Average amount of land per peasant: two hectares. If the farmer has more capacity, he can ask for more land where he will work with wage earners, paying five to ten yuan a day on about 20 hectares.

The farm belonged to about 700 families. Today more than 900 families have come together to found this agricultural cooperative. When it is state-owned, all profit belongs to the state. Cooperative pays land tax and the rest goes to the fund of the association and to the families. Each hectare pays 120 yuan / year.
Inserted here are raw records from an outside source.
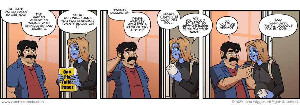 Steve has been a super minor character that has appeared in two ZR strips in the past and even a page of Gutters that I drew for Blind Ferret. He owns the comic store next to the main casts' building. I'm really pleased with his update especially in panel one.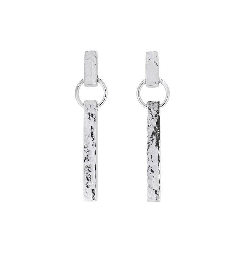 Azendi sterling silver Malham cover bar drop earrings inspired by the breathtaking limestone cliff and pavement found at Malham in the Yorkshire Dales. Malham Cove is a 70 metre tall, curved cliff of white limestone. A distinctive and dramatic landscape sits above the cove, made up of a series of flat horizontal slabs of limestone, separated by fissures in the rock. This distinctive and rare habitat is a spectacular sight to behold. Length 30mm.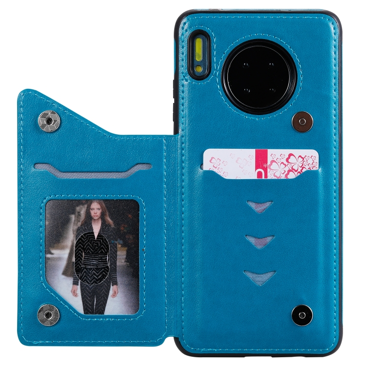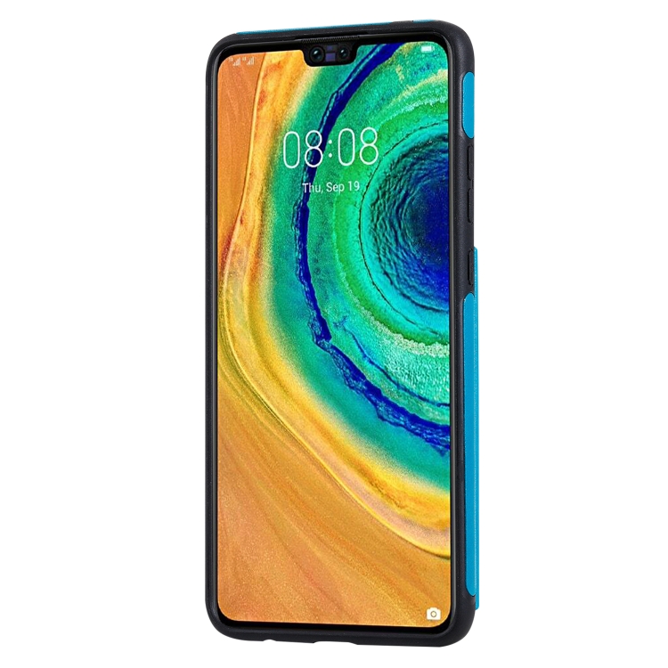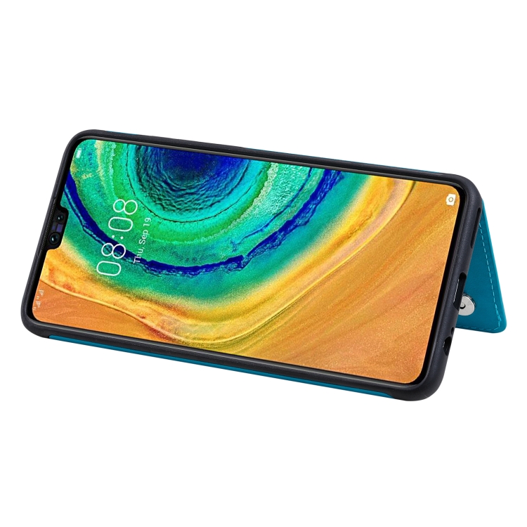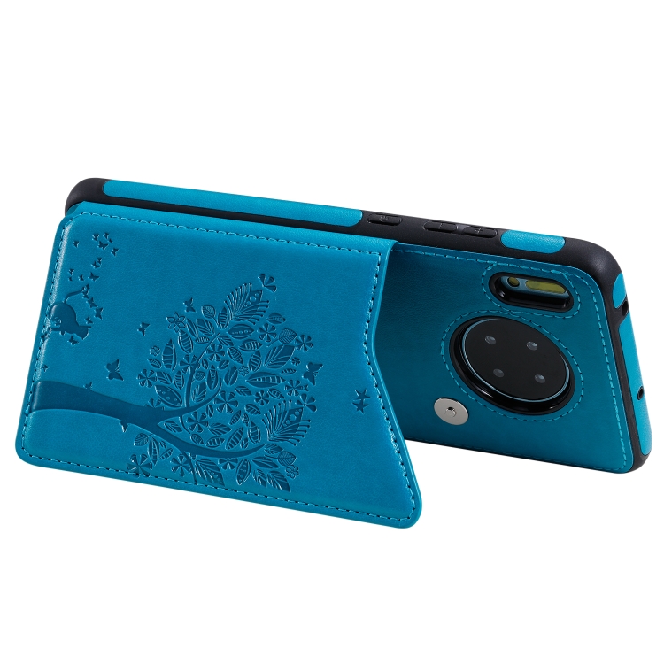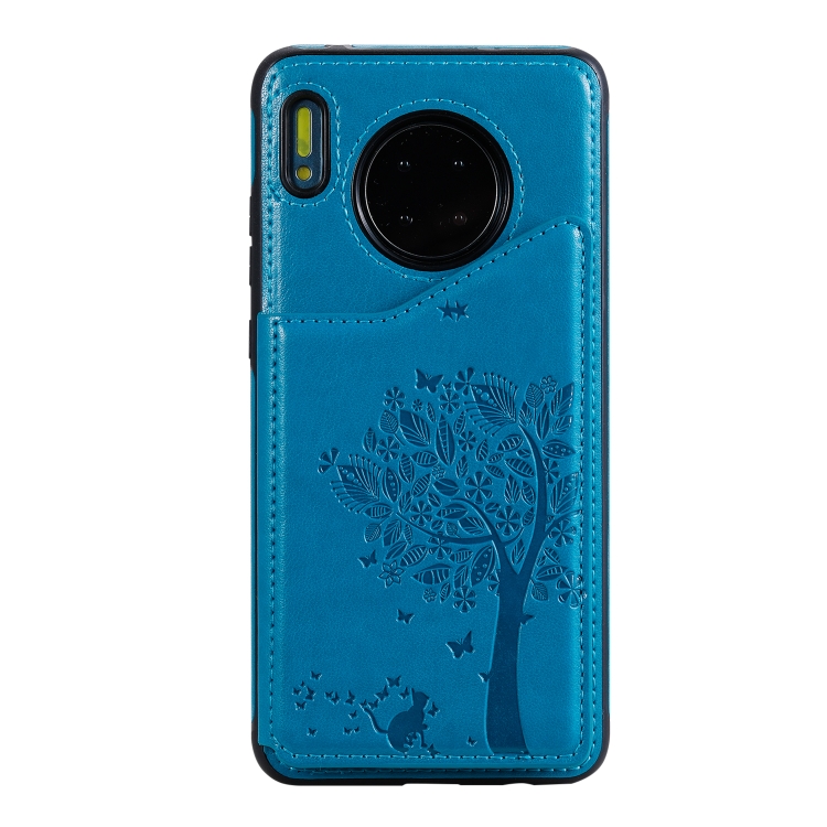 Funda protectora a prueba de golpes con patrón en relieve de árbol de gato Huawei Mate 30 con ranuras para tarjetas y marco de fotos (azul)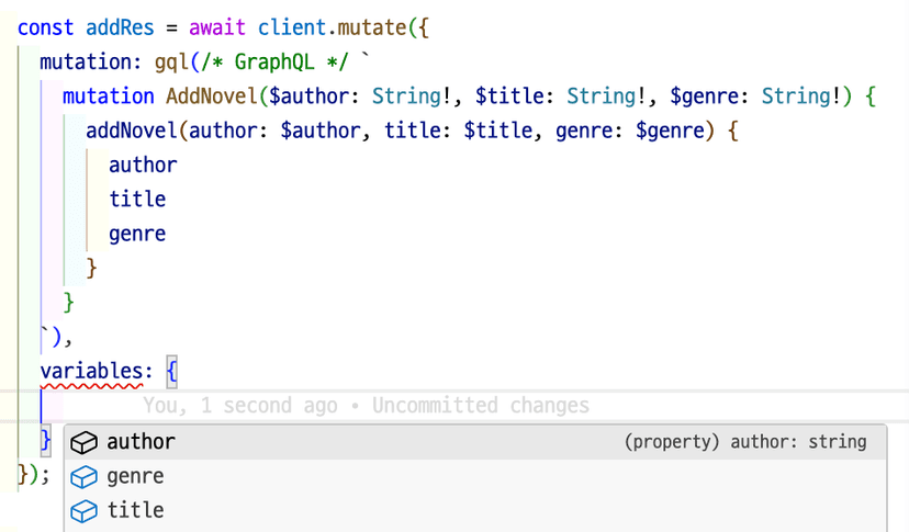 mutation AddNovel($author: String!, $title: String!, $genre: String!) {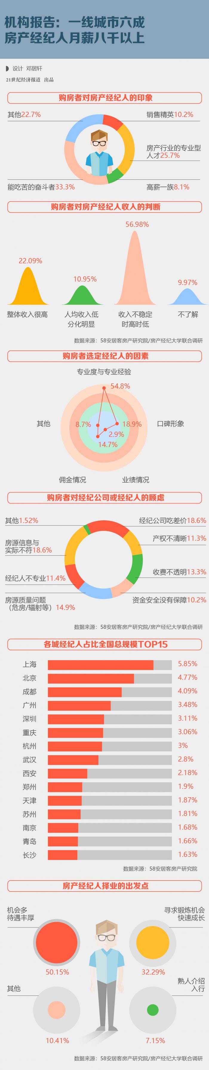 6月4日,58集团对外发布《58集团2018年百万房产经纪人生存报告》,该报告基于58安居客房产研究院和房产经纪大学的联合调研,样本来自58集团房产业务覆盖的全国近5万家经纪公司,以及超过110万的经纪人群体。报告全面揭示了经纪人群体画像、经纪人最新的工作和生活状态、以及他们对行业的认知情况,同时也展示了购房者眼中的经纪人形象。调研数据显示,一线城市60%的经纪公司给予房地产经纪人的月薪在8000元以上,普遍高于新一线城市。

Workers come from other poorer villages to work as wage earners on the land here because there is less land per inhabitant there.

Cultivated fields of the Red Mountain collective farm. More than 900 families who came together to found this agricultural cooperative

After lunch, raining, we return to the city. Shopping at Friendship House. Dinner at the hotel and departure to the train station. We left by express train to Shanghai where we arrived at 11:30 pm.

In Hangzhou and Shanghai restaurants they do not put a bottle of beer on the table. They go with the unlabeled dark green bottle from table to table, filling the cups like water all through the meal. They try to keep the glasses always full.

On the way back from Hangzhou to Shanghai we went to another newer, smaller hotel. But the bathtub is grubby with rust, the water in the tap smells strongly of rust and, says Lian, that coffee also smells of rust. They serve us warm milk that we put Nescafe we bought. Omelet or fried egg served in breakfast. But there is no fruit juice except canned ones. HAIHON HOTEL.